Lately there's been some talk about whether PHP or Ruby is faster. The current data on the web seems to say Ruby is between 20% to 40% faster than PHP.

The only problem is the code being used is fundamentally different. The test is to implement the mergesort algorithm in the code (ie: not use the built-in sort functions).

In the original, Hongli Lai used the following code to test if the arrays were empty in PHP:
while ( count($a) > 0 && count($b) > 0 )
(he used count twice more in the merge function). Meanwhile he used this code in Ruby:
while !a.empty? && !b.empty?

Ruby's !a.empty? is equivalent to PHP's !empty($a), and PHP's count($a) > 0 is equivalent to Ruby's a.length > 0.
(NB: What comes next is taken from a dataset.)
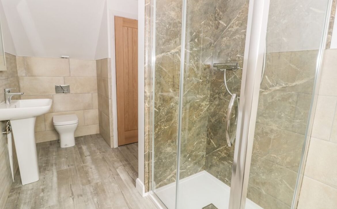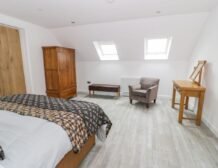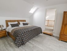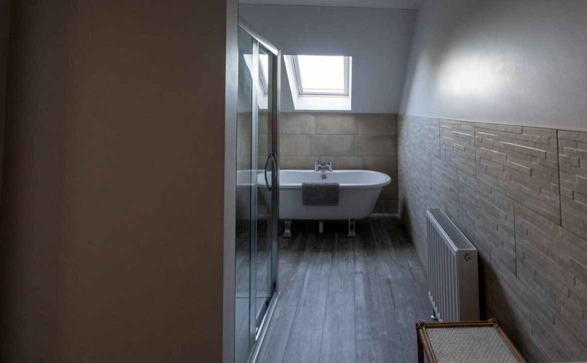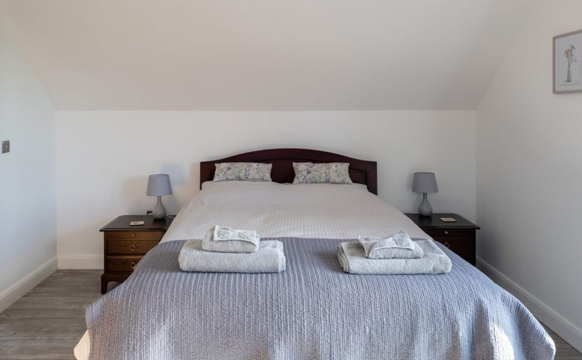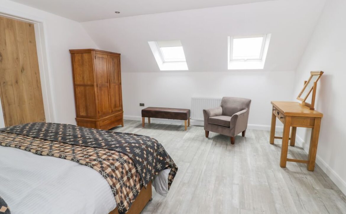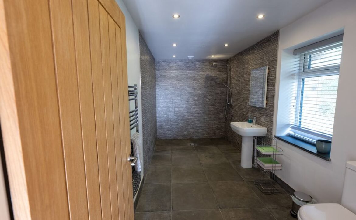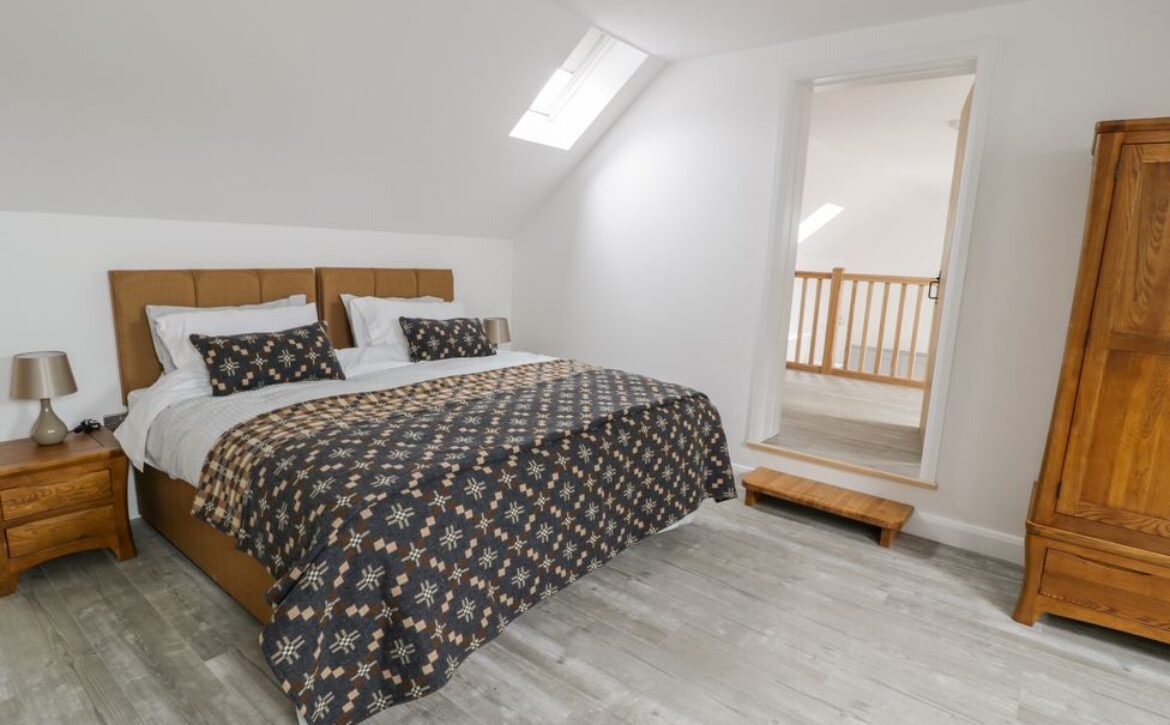 - Three bedrooms: 1 x ground-floor king-size with en-suite walk in wetroom with shower, basin and WC, 1 x first-floor super king-size (zip/link, can be two singles upon request) with mezzanine snug and en-suite roll-top, freestanding bath, walk-in shower, basin and WC, 1 x first-floor king-size with Juliet balcony and en-suite bath, basin and WC

I wasn't able to rerun the whole test, nor was I really interested in it. I just wanted to compare the two versions of the PHP code. As I suspected, using empty proved to be about 50% faster.

The Procedure

I modified the code slightly to print the time it took to execute the mergesort 3,000 times. I tried to make this as unobtrusive as possible, so I think the result stands.

I used the version with count and the version with !empty. I fed these into PHP's CLI:
php -f count.php

The machine is a 2.4GHz Xeon with 1GB of RAM running RedHat Enterprise Linux 5 and PHP 5.2.3.

The Data

Here's the raw data for 10 trials of each. Times are in seconds.

Trial	Empty	Count
1	7.2021	14.1815
2	7.0843	14.3138
3	7.1855	14.2838
4	7.1291	14.2599
5	7.1194	14.9426
6	7.1097	14.9999
7	7.1415	14.6053
8	7.0952	14.1978
9	7.0631	14.3090
10	7.0529	14.2386
		
Avg	7.1183	14.4332
StDev	0.0486	0.3071
Var	0.0024	0.0943

The Results

I didn't really need to, but I did a t-test assuming unequal variance and α = 0.01 and the t-value was somewhere around 150.

So, confirming what we already knew, empty is faster than count. But I also feel this invalidates the previous tests.

I'm not concluding that PHP is faster than Ruby. (If the other tests are accurate, they're about the same.) I'm concluding that the methods of the previous tests were flawed.